[[ Records for the exercise, beginning ]]

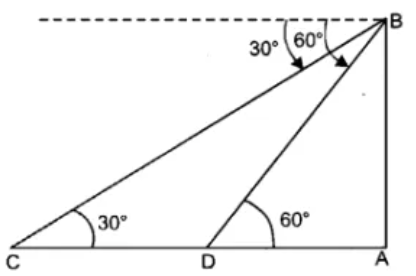 माना $AB,$ मीनार की ऊँचाई को व्यक्त करता है। $C$ और $D$ कार की दो स्थितियों को दर्शाते हैं।
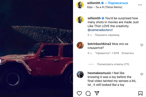 19 января Американский актер Уилл Смит выложил видео в Instagram под ремикс песни исполнителя Xcho «Я и ты». На кадрах показан процесс создания видеоролика с автомобилем. Однако пользователи раскритиковали Смита в комментариях.
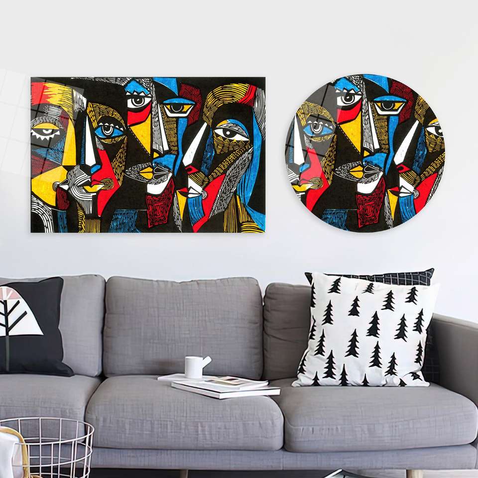ภาพพิมพ์บนผ้าใบลายหน้าคนแอฟริกันสีสันสดใส - ของตกแต่งผนังแนวแอฟโฟรเซนตริกแบบนามธรรม, งานศิลปะบนกระจกนิรภัย
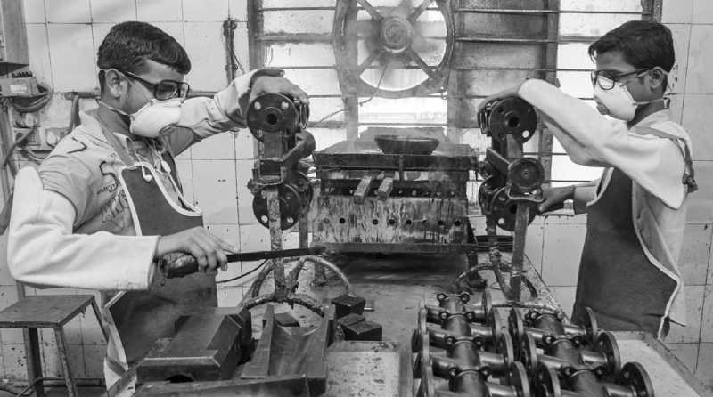 The investment mould is then placed open-side i.e cup side up into a sand bed and then the molten metal is poured in a hot shells which are pre heated in a shell baking furnace. After Pouring the metal shell are send to fettling section for finishing of the castings.
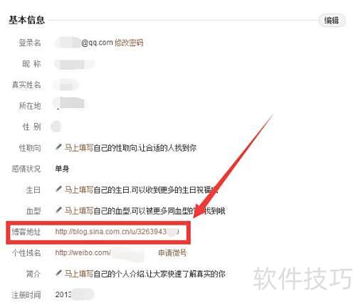 4、 打开基本信息页面后,可查找到新浪博客链接,点击即可跳转至博客页面。
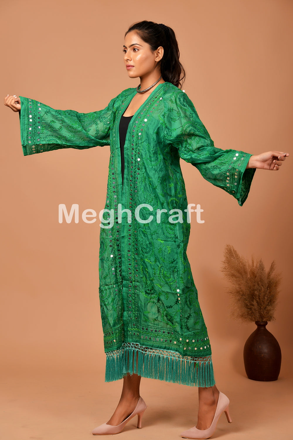 Bata tipo kimono con borde de trabajo con lentejuelas/Sitara/Tikki bordadas a mano con hilo. Tiene ambos lados bordados con un aspecto brillante y llamativo. Los patrones de bordado tradicionales te harán lucir moderna y hermosa.
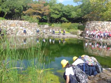 5年生は本日万博公園に行きました。たいへんいい天気で、一日中気持ちよく森林浴を楽しむことができました。途中吊り橋あり、展望台あり、また満開のコスモス園あり、美しい風景も堪能することができました。広々とした公園で走り回り、ちびっこ広場で滑り台などの遊具で楽しみ、たいへん有意義な一日を過ごすことができました。
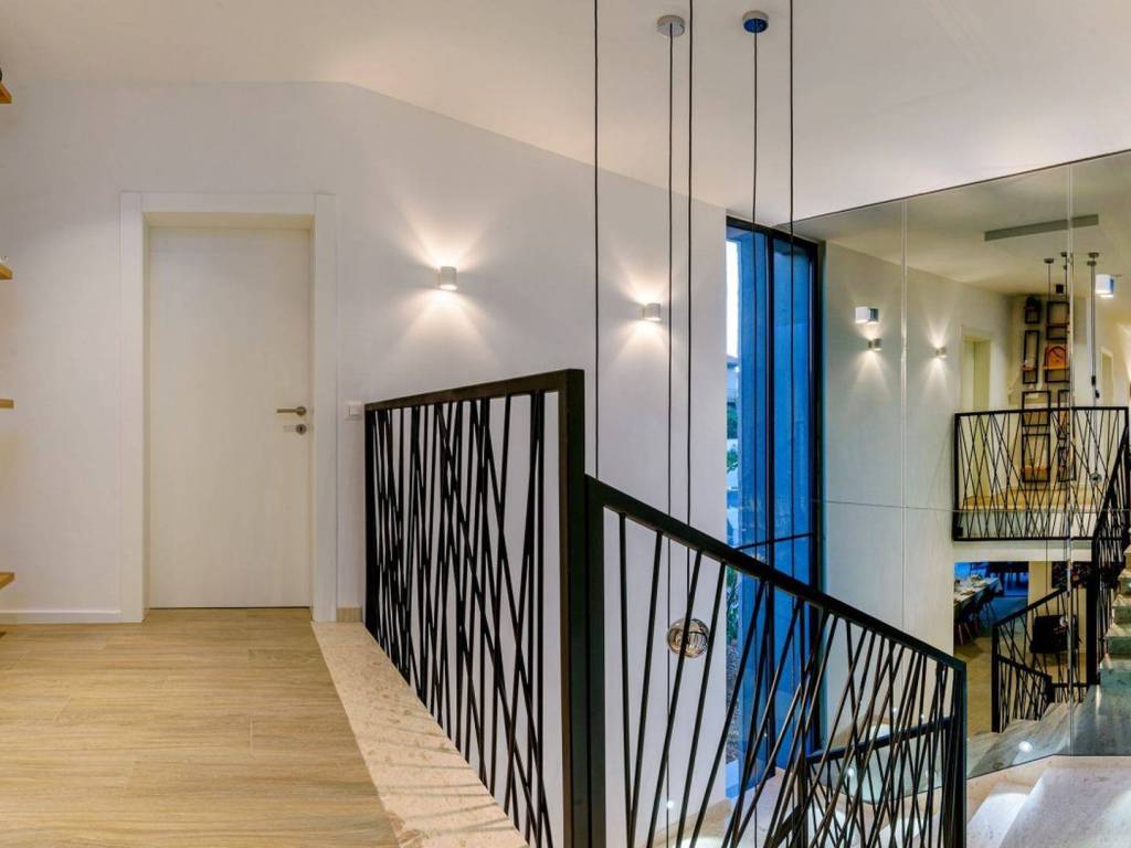 On the ground floor there is a kitchen, a dining room and a spacious living room with large glass walls connected to a terrace and a garden where there is a large heated swimming pool, a sun deck with deck chairs, an outdoor kitchen with a barbecue and a childrens playground.
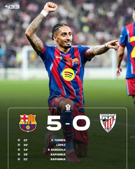 西超杯 巴塞罗那 5-0 毕尔巴鄂竞技
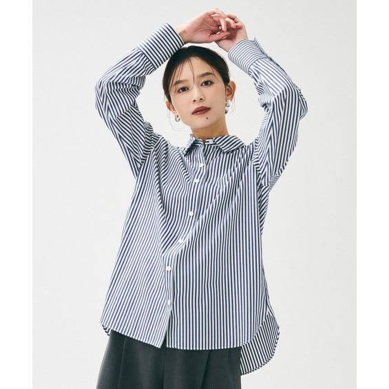 ベーシックシャツなのでどんな着こなしにも合わせやすいアイテムです。
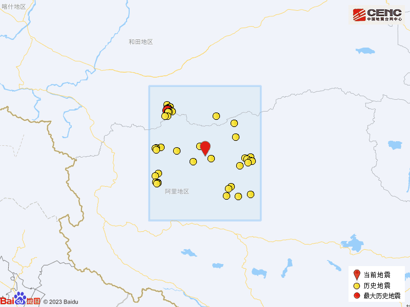 历史地震:凭据中国地震台网速报目次,震中附进200公里内近5年来发生3级以上地震共56次,最地面震是2020年6月26日在新疆和旷野区于田县发生的6.4级地震(距离本次震中182公里),按震级大小前50次历史地震鉴识如图。
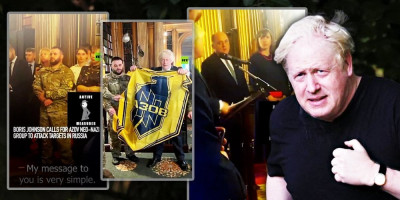 Na skupu u parlamentu Džonson je takođe fotografisan kako drži transparent Azova koji prikazuje neonacistički simbol.
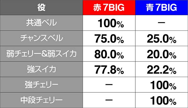 BIG終了後は必ずARTに突入し、青7BIGはラウンド振り分けが優遇される。

[[ Records for the exercise, end ]]

Prompt:
Reproduce the span beginning at the line with "Na skupu u parlamentu" and ending at the last line of the entries above, inclusive, exactly as it stands. Exclude the pictures.

Result for this task:
 Na skupu u parlamentu Džonson je takođe fotografisan kako drži transparent Azova koji prikazuje neonacistički simbol.
 BIG終了後は必ずARTに突入し、青7BIGはラウンド振り分けが優遇される。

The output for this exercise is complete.